| Dr. Bernard Moret EPFL (Swiss Federal Institute of Technology),
  Lausanne, Switzerland
 
 Phylogenetic Analyses: Past, Present, and Future Bernard M. Moret School of Computer and Communication Sciences EPFL
  (Swiss Federal Institute of Technology) Lausanne, Switzerland http://lcbb.epfl.ch/
  Phylogenies are simplified histories of the evolution of a group of taxa
  (organisms, genes, biological networks, computer malware, artistic styles,
  etc.) These phylogenies are inferred from modern-day specimens, in a process
  that starts by collecting comparable data about the taxa (such as the
  sequences of a few genes), then devising an appropriate model of evolution
  for the data, and finally running an inference procedure (machine-learning)

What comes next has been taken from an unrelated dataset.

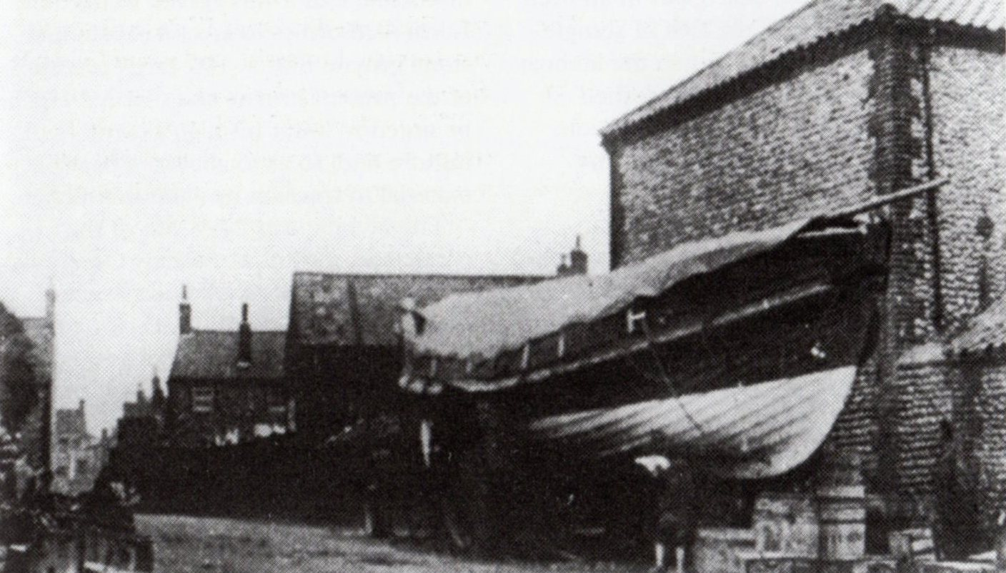 Post card image of the Sheringham RNLB William Bennett. Image created before 1904

  to obtain a tree and some parameter values about that tree. Each year,
  thousands of citations are made to existing phylogenetic inference packages,
  mostly in the life sciences, but also in computer science, linguistics, forensics,
  and art history. As enounced by Th. Dobzhansky in the title of one of his papers,
  "biology makes no sense except in the light of evolution" and
  phylogenetic analyses are our spotlights. Yet in this talk I will argue that
  phylogenetic analyses are underused and in need of generalization. For the
  last 80 years, phylogenies have used sequence data as the basis for
  inference; at first these sequences coded for morphological characteristics
  or simple genomic characteristics such as chromosomal banding; for the last
  40 years, they have been RNA or DNA sequences. Phylogenetic analyses of
  languages, artistic styles, criminal activities, biological networks, or
  entire genomes have had to use tools developed to analyze relatively short
  sequences with very simple evolutionary models: the complexity of
  evolutionary models for other data, along with the relative paucity of
  studies based on such data, prevented the development of analysis techniques
  better adapted to the data. We thus need to enlarge and generalize existing
  techniques to improve the quality of phylogenetic analyses of data other than
  genome sequence data and to enable phylogenetic analyses for entirely new
  types of data. In particular we need new models,
  sophisticated preprocessing, and reasonable optimization criteria. Most
  importantly, we need an enlightened view of phylogenetic analyses in science.
  We are all familiar with comparative methods, but a comparison between two
  taxa or a collection of pairwise comparisons among a collection of taxa is
  just a \emph{degenerate} phylogenetic analysis, one
  that makes no (or minimal) use of evolution and models. In any area where the
  objects of study are subject to some form of evolution, phylogenetic analyses
  will yield much better results than simple comparative studies.